### TASK DETAILS
Although the listing contains pictures, reproduce only its text, exactly as written.

### RECORDS FOR PROCESSING
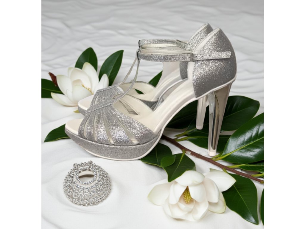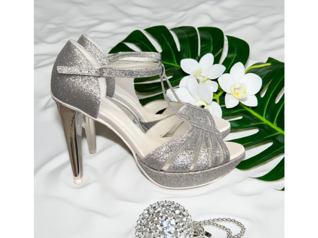 Strieborné svadobné sandálky na platforme
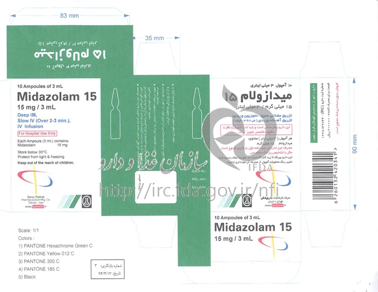 میدازولام تزریقی پرنترال 5 mg/1mL 3MILLILITER
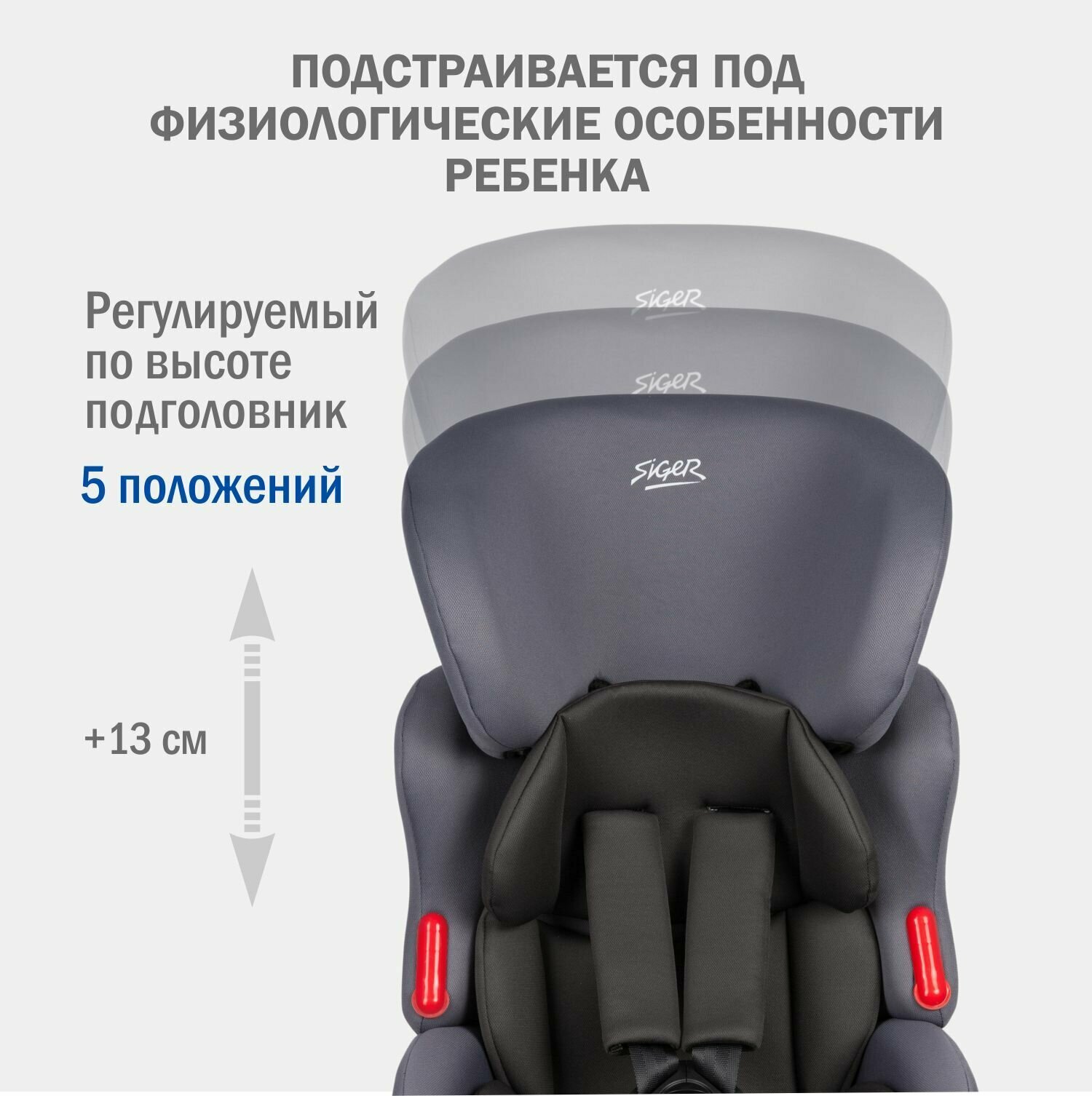 Автокресло Siger космо Lux, гр. 1+2+3 (9-36кг), серый
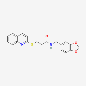 The synthesis of N-[(2H-1,3-benzodioxol-5-yl)methyl]-3-(quinolin-2-ylsulfanyl)propanamide typically involves multiple steps. One common route includes the alkylation of 2-(1,3-benzodioxol-5-yl)acetonitrile with bis(2-chloroethyl) ether, followed by reduction with lithium tetrahydroaluminate . Another method involves the use of a Pd-catalyzed C-N cross-coupling reaction .
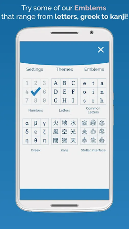 Tired of numbers? Try some of our emblems that range from letters, greek to kanji!
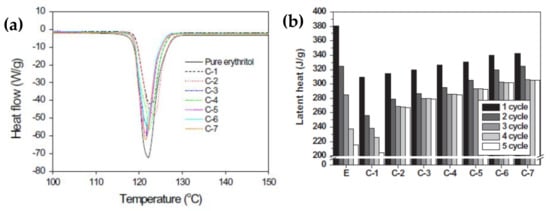 Shin et al. [] prepared an erythritol and exfoliated graphite composite using an impregnation method, which effectively improved the thermal conductivity and thermal cycle stability of erythritol. Composites containing 4 wt% exfoliated graphite exhibited the best thermal performance in the tested SSPCMs, considerably improving the thermal conductivity and thermal cycling stability of 2.06 W/mK (Figure 4a). However, the melting point of the composite material was slightly reduced. After multiple melt-coagulation cycles, the initial latent heat of the composite material was the lowest, but the insect-like morphology and porosity of the EG reduced the heat leakage of the composite material (Figure 4b). Expanded graphite (EG) with different interlayer spacing was combined with molten erythritol using a simple mixed impregnation method to form erythritol/EG PCMs. The effect of the additives on the thermal behavior was investigated for various interlayer distances of EG using the thermal equilibrium technique [].
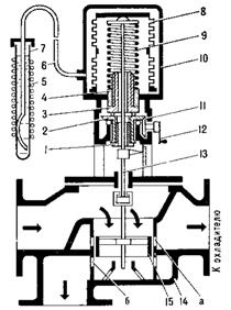 Регулятор температуры прямого действия дистанционный (РТПД). Регуляторы РТПД (рис. 31) состоят из термобаллона 7, соединенного капиллярной трубкой 6 с сильфонным исполнительным элементом, и регулирующего органа в виде золотника 15, смонтированного в трехходовом корпусе 14.
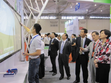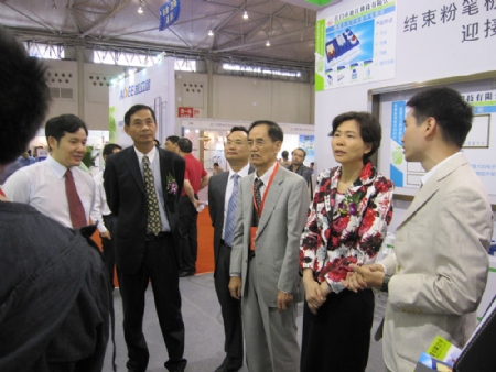 我司有幸得到江門市市長龐國梅領(lǐng)導(dǎo)蒞臨我司展位參觀,龐國梅市長仔細(xì)了解了該公司的多功能教學(xué)板和水性環(huán)保教學(xué)筆并親自試用,稱贊產(chǎn)品科技含量高!斑@個(gè)產(chǎn)品可以解決用粉筆書寫造成粉塵多的情況,改善教學(xué)環(huán)境!辈(dāng)場囑咐蓬江區(qū)政府等要大力支持企業(yè)產(chǎn)品推廣。我司產(chǎn)品受到了高度贊揚(yáng)與肯定,無疑為我司注入了有力的強(qiáng)心劑。能為教育界出一份力而感到驕傲與榮幸。
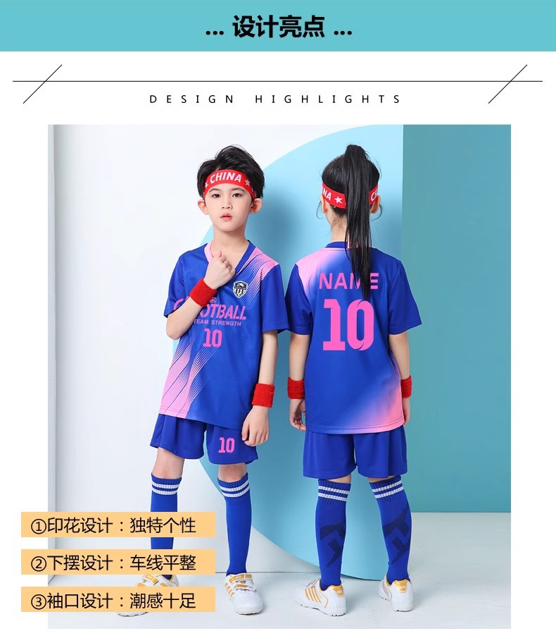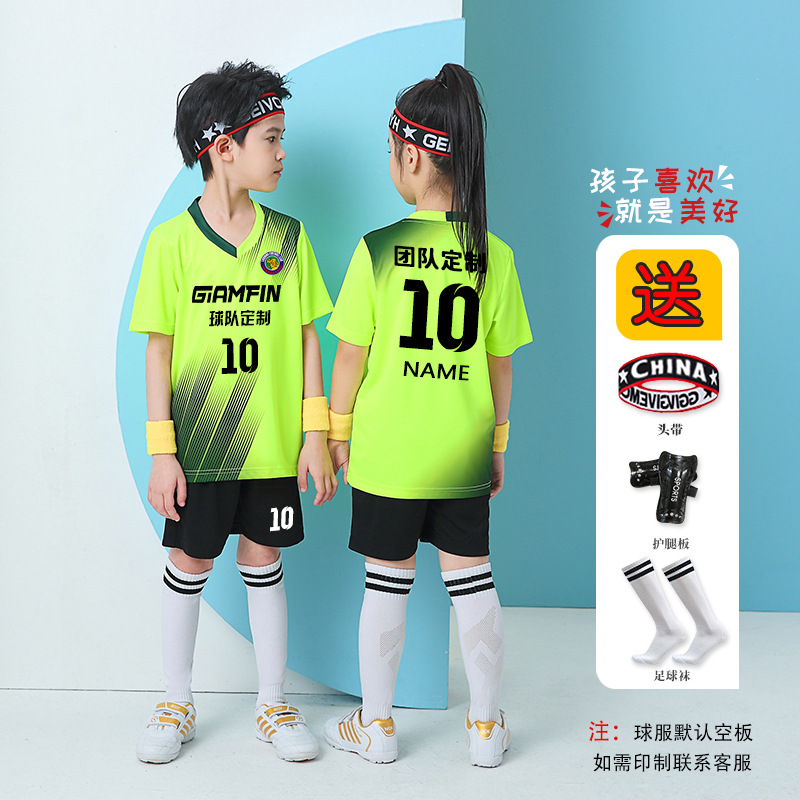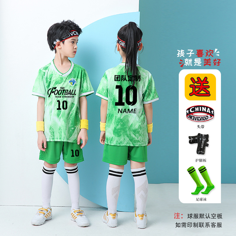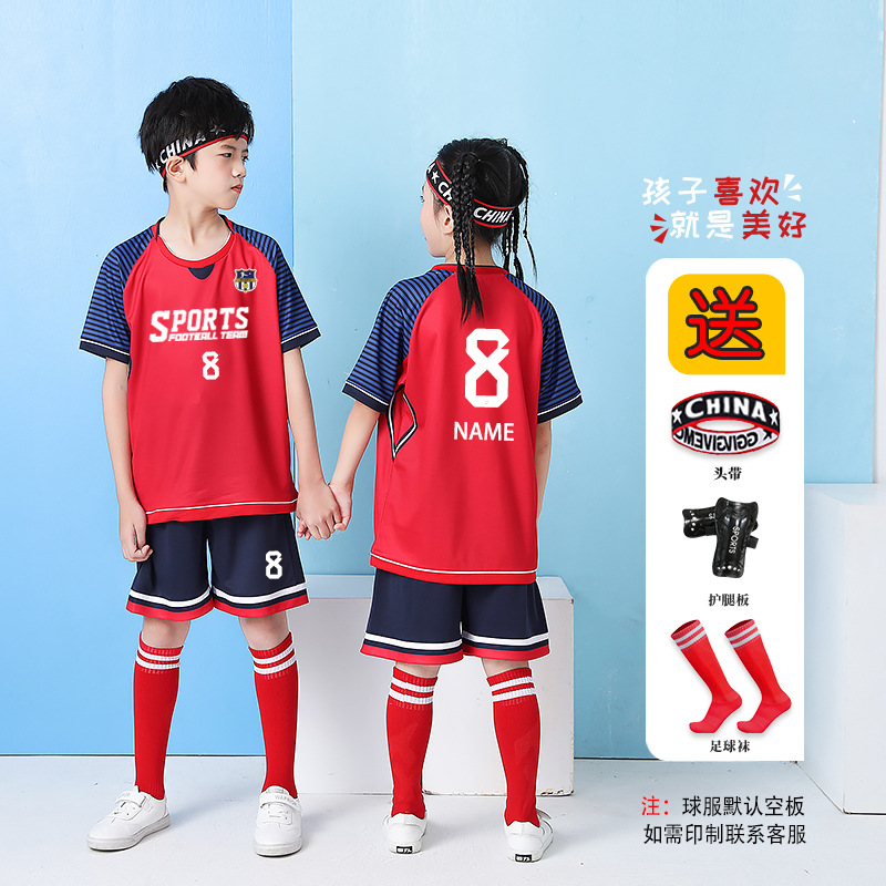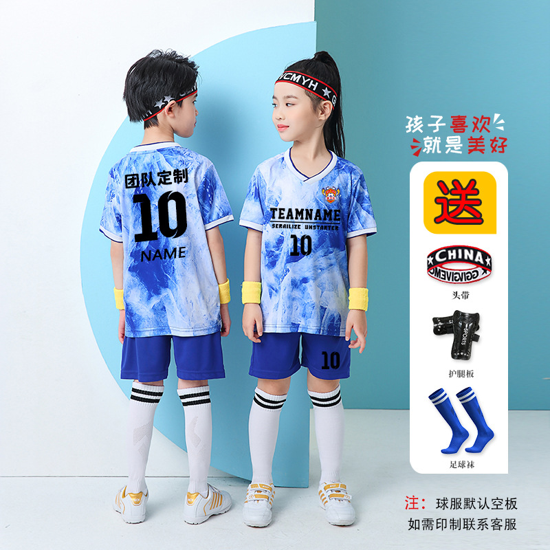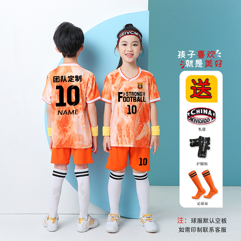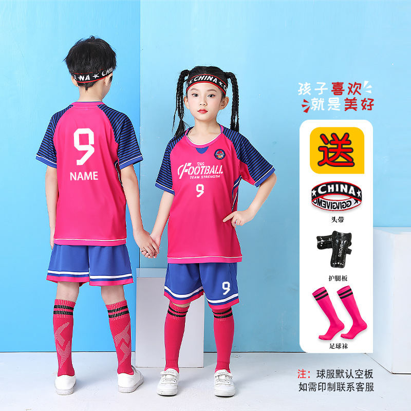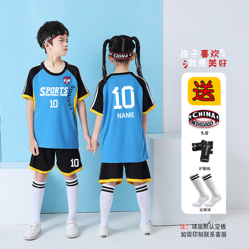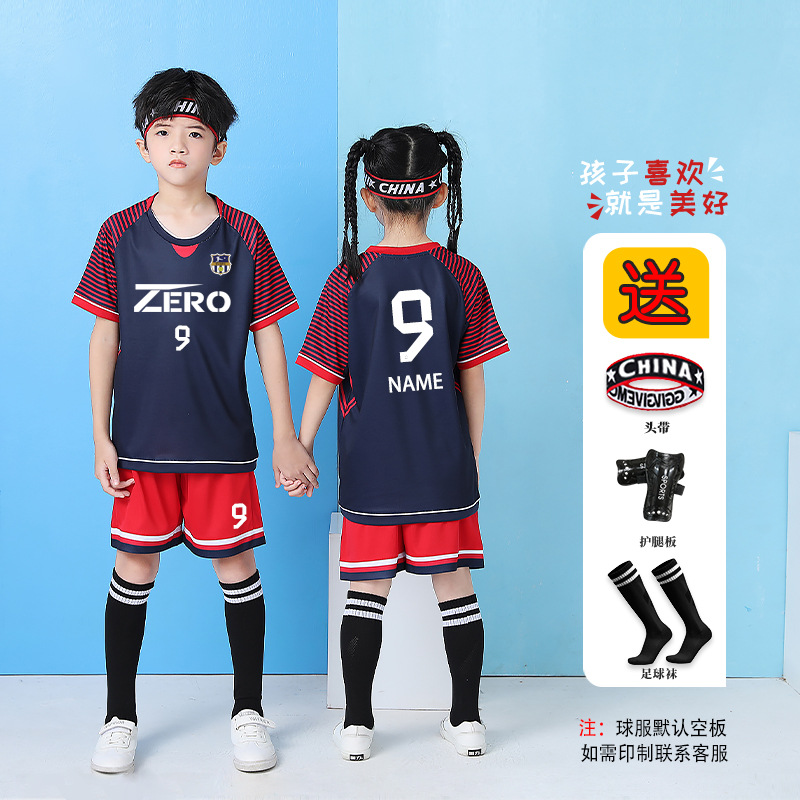 儿童足球服套装男女童夏季短袖小学生足球比赛训练服印制球衣队服
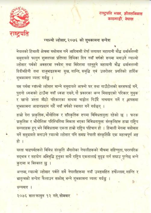 राष्ट्रपति भण्डारीले ग्याल्बो ल्होसार पर्वले सबै नेपालीमा नयाँ उमङ्गसहित हर्षाेल्लास, शान्ति र भ्रातृत्वको सन्देश फैलाउन सकोस् भन्ने शुभकामना व्यक्त गर्नुभएको छ ।
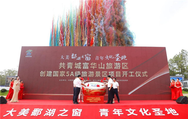 9月25日,江西共青城市舉行富華山旅游區(qū)創(chuàng)建國家5A級旅游景區(qū)項目開工儀式,相關(guān)領(lǐng)導(dǎo)共同敲響開工鼓,標(biāo)志著富華山旅游區(qū)創(chuàng)建國家5A級旅游景區(qū)一系列項目開工建設(shè)。

### SOLUTION
 Strieborné svadobné sandálky na platforme
 میدازولام تزریقی پرنترال 5 mg/1mL 3MILLILITER
 Автокресло Siger космо Lux, гр. 1+2+3 (9-36кг), серый
 The synthesis of N-[(2H-1,3-benzodioxol-5-yl)methyl]-3-(quinolin-2-ylsulfanyl)propanamide typically involves multiple steps. One common route includes the alkylation of 2-(1,3-benzodioxol-5-yl)acetonitrile with bis(2-chloroethyl) ether, followed by reduction with lithium tetrahydroaluminate . Another method involves the use of a Pd-catalyzed C-N cross-coupling reaction .
 Tired of numbers? Try some of our emblems that range from letters, greek to kanji!
 Shin et al. [] prepared an erythritol and exfoliated graphite composite using an impregnation method, which effectively improved the thermal conductivity and thermal cycle stability of erythritol. Composites containing 4 wt% exfoliated graphite exhibited the best thermal performance in the tested SSPCMs, considerably improving the thermal conductivity and thermal cycling stability of 2.06 W/mK (Figure 4a). However, the melting point of the composite material was slightly reduced. After multiple melt-coagulation cycles, the initial latent heat of the composite material was the lowest, but the insect-like morphology and porosity of the EG reduced the heat leakage of the composite material (Figure 4b). Expanded graphite (EG) with different interlayer spacing was combined with molten erythritol using a simple mixed impregnation method to form erythritol/EG PCMs. The effect of the additives on the thermal behavior was investigated for various interlayer distances of EG using the thermal equilibrium technique [].
 Регулятор температуры прямого действия дистанционный (РТПД). Регуляторы РТПД (рис. 31) состоят из термобаллона 7, соединенного капиллярной трубкой 6 с сильфонным исполнительным элементом, и регулирующего органа в виде золотника 15, смонтированного в трехходовом корпусе 14.
 我司有幸得到江門市市長龐國梅領(lǐng)導(dǎo)蒞臨我司展位參觀,龐國梅市長仔細(xì)了解了該公司的多功能教學(xué)板和水性環(huán)保教學(xué)筆并親自試用,稱贊產(chǎn)品科技含量高!斑@個(gè)產(chǎn)品可以解決用粉筆書寫造成粉塵多的情況,改善教學(xué)環(huán)境!辈(dāng)場囑咐蓬江區(qū)政府等要大力支持企業(yè)產(chǎn)品推廣。我司產(chǎn)品受到了高度贊揚(yáng)與肯定,無疑為我司注入了有力的強(qiáng)心劑。能為教育界出一份力而感到驕傲與榮幸。
 儿童足球服套装男女童夏季短袖小学生足球比赛训练服印制球衣队服
 राष्ट्रपति भण्डारीले ग्याल्बो ल्होसार पर्वले सबै नेपालीमा नयाँ उमङ्गसहित हर्षाेल्लास, शान्ति र भ्रातृत्वको सन्देश फैलाउन सकोस् भन्ने शुभकामना व्यक्त गर्नुभएको छ ।
 9月25日,江西共青城市舉行富華山旅游區(qū)創(chuàng)建國家5A級旅游景區(qū)項目開工儀式,相關(guān)領(lǐng)導(dǎo)共同敲響開工鼓,標(biāo)志著富華山旅游區(qū)創(chuàng)建國家5A級旅游景區(qū)一系列項目開工建設(shè)。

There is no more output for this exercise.